_Supplied material:_
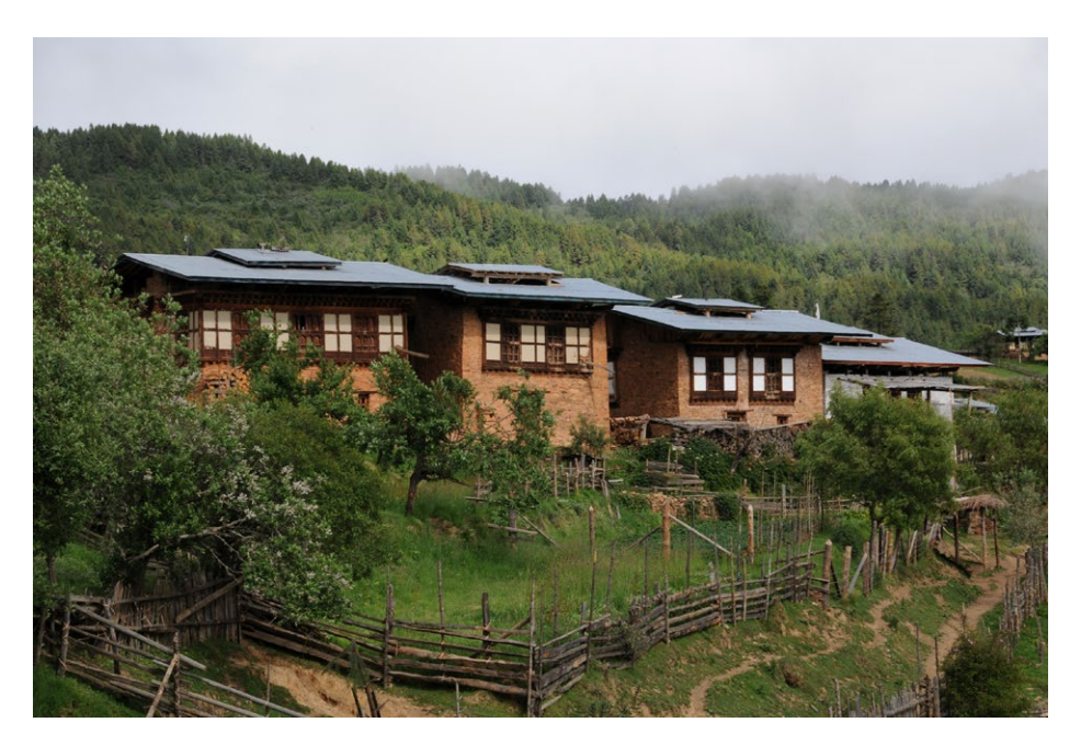
A typical rural community in Bhutan embedded in its community forest (Shingyer Village in Bumthang District).

The government came to realise that sustainable forest management could only be achieved with the local people: "People's participation is key to conservation and the utilisation of forest resources", stated a royal decree in 1979. This recognition prepared the ground for a step-wise, albeit slow, paradigm shift towards a more decentralised and people-centred approach to forestry, and the government started developing approaches to involve local people in forest management again. One of these approaches is community forestry.
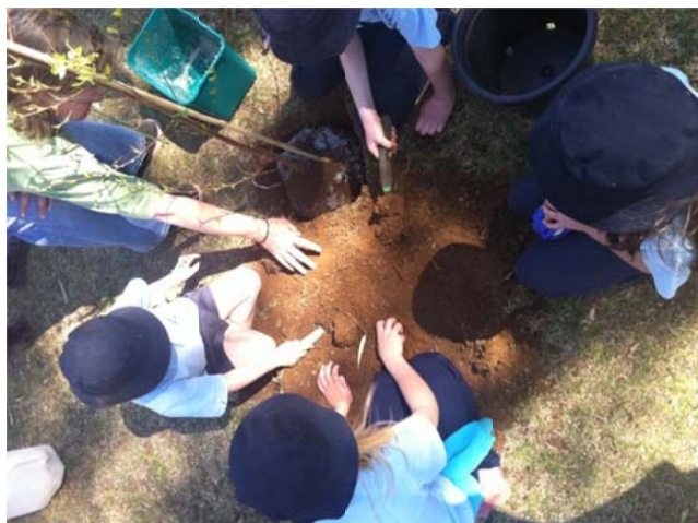
Lots of helpers to plant the Silver Birch

_Task requirements:_ Across the data, find each line that has "community" in it and copy that line.

_Finished task:_
A typical rural community in Bhutan embedded in its community forest (Shingyer Village in Bumthang District).
The government came to realise that sustainable forest management could only be achieved with the local people: "People's participation is key to conservation and the utilisation of forest resources", stated a royal decree in 1979. This recognition prepared the ground for a step-wise, albeit slow, paradigm shift towards a more decentralised and people-centred approach to forestry, and the government started developing approaches to involve local people in forest management again. One of these approaches is community forestry.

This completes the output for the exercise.